→ **What the task asks**
Quote, word for word, every line starting at the line that contains "Mildiou sur jeunes feuilles" and ending with the last line of the records; include both of these lines and no others.

··· Data supplied ···

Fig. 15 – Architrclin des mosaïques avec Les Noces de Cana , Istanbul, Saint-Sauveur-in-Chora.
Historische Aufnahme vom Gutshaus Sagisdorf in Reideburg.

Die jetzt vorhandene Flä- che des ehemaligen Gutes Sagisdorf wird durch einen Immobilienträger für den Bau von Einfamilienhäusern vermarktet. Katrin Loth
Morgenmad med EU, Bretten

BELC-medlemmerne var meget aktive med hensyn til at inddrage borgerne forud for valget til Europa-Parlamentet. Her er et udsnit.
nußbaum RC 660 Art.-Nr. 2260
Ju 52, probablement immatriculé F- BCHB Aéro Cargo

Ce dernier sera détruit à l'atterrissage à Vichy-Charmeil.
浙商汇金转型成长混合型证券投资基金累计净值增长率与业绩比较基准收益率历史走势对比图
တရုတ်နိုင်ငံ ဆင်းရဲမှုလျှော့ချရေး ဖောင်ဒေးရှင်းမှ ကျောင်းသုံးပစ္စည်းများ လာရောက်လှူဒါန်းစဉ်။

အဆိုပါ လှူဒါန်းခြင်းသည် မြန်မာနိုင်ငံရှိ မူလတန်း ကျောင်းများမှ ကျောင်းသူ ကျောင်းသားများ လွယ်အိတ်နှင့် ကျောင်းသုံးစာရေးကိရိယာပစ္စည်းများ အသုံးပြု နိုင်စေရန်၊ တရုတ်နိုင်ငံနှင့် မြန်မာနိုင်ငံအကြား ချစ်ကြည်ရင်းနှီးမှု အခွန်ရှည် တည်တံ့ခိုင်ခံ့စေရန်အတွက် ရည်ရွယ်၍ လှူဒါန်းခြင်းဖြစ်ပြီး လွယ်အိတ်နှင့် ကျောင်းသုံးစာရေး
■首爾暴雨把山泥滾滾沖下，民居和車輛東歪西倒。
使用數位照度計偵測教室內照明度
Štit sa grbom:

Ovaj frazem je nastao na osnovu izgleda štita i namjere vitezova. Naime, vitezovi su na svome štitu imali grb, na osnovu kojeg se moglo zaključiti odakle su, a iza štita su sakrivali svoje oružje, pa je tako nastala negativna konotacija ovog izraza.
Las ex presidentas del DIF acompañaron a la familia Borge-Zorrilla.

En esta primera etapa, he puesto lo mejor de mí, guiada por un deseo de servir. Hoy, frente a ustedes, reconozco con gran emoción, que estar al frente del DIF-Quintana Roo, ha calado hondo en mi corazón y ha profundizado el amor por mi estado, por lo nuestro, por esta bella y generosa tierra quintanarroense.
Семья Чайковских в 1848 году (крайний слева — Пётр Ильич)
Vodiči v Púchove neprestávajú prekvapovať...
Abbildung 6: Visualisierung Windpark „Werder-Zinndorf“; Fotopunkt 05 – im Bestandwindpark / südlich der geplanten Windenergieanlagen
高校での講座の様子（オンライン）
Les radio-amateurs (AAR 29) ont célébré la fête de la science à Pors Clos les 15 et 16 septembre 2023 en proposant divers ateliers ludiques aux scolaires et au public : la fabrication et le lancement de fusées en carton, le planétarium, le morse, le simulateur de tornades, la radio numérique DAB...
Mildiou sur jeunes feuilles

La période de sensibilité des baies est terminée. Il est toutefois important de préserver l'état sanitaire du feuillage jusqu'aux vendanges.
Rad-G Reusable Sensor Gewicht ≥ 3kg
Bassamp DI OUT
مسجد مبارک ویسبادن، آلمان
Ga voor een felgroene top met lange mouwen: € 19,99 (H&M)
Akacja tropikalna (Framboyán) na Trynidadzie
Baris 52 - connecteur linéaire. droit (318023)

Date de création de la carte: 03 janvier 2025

···

→ **Reply**
Mildiou sur jeunes feuilles

La période de sensibilité des baies est terminée. Il est toutefois important de préserver l'état sanitaire du feuillage jusqu'aux vendanges.
Rad-G Reusable Sensor Gewicht ≥ 3kg
Bassamp DI OUT
مسجد مبارک ویسبادن، آلمان
Ga voor een felgroene top met lange mouwen: € 19,99 (H&M)
Akacja tropikalna (Framboyán) na Trynidadzie
Baris 52 - connecteur linéaire. droit (318023)

Date de création de la carte: 03 janvier 2025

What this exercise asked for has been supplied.